The first thing to consider is the SUITABILITY. What is the annual average wind speed in the proposed location? If data suggests thats the average is LESS that 4.5m/s (meters per second), then the context is actually not suitable and one should consider and alternative such as Solar PV.
Next consideration is a location for the turbine. There are a few factors that influence how well the turbine will work in a given context. Buildings and trees disrupt that passage of wind causing turbulence which has a negative impact of the efficiency of the turbine (see image below. Source). The ideal setting is the top of a rounded hill which is why you often see the very large turbines in rural settings on a high point or out at sea.

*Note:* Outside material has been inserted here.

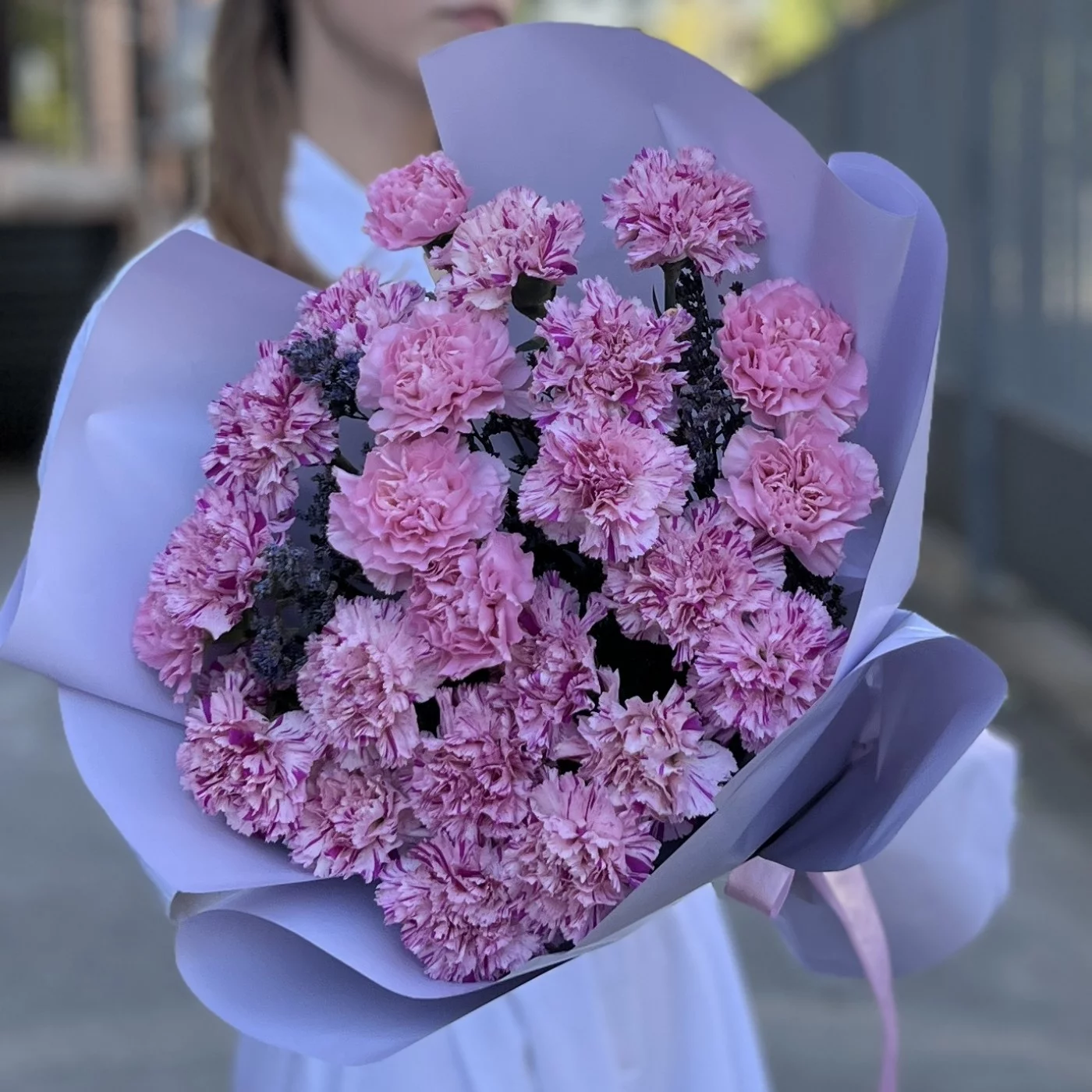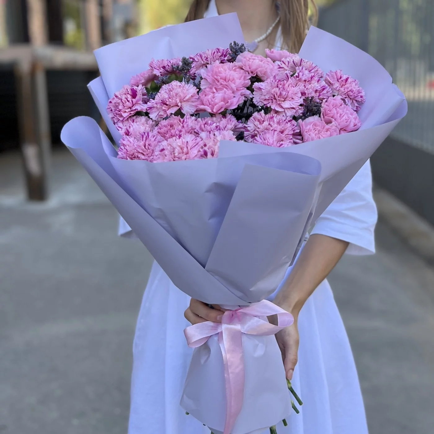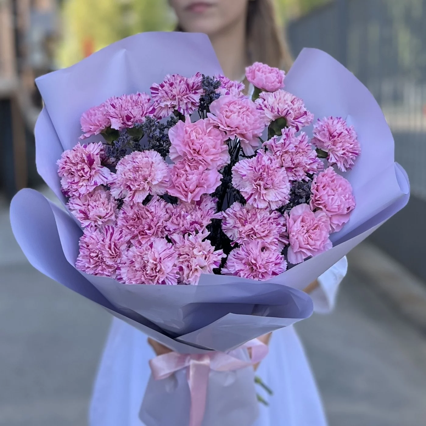 Букет из 25 сиреневых гвоздик с лимониумом — это изящная и свежая композиция, сочетающая в себе нежность и лёгкую воздушность. Гвоздики в мягком сиреневом оттенке придают букету утончённость и романтичность, их бархатистые лепестки создают приятную текстуру и насыщенный цветовой акцент. Лимониум добавляет композиции лёгкости и изящества своими мелкими, словно искрящимися цветочками, которые словно окутывают гвоздики нежным фоном. Вместе эти цветы создают гармоничный и сбалансированный букет, идеально подходящий для выражения нежных чувств, дружбы и искренних пожеланий.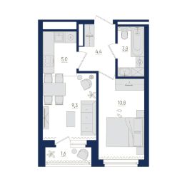 13-й этаж 22 - этажного жилого дома, общая площадь 34.1 кв. м., жилая площадь 20.1 кв. м. Возможна ипотека от банков-партнеров. Срок окончания строительства: 2 квартал 2026 года

Wind speed also increases with height so the higher the better. There is a limit to this of course – building control may have regulations that govern the maximum height of turbines – particularly in urban settings. Also, one needs to consider the cost and ease of maintenance with a taller installation.
The turbine should be installed to face prevailing winds. Work out what these are in the specific context. The turbines have some flexibility around their pivot point but for maximum benefit, position them carefully.
There are some useful calculations or ratios to consider (Source: Energy Savings Trust):
Have you ever seen a turbine or group of turbines and they dont seem to be working even though there is some wind… well that is because turbines work to minimum and maximum wind speeds. The CUT IN speed refers to the minimum speed that the wind must be for the blades to start rotating and generating electricity. The smaller the turbine the earlier the cut in speed. So a small 500W turbine may cut in at 3.5m/s but the very large industrial ones will start around 10m/s.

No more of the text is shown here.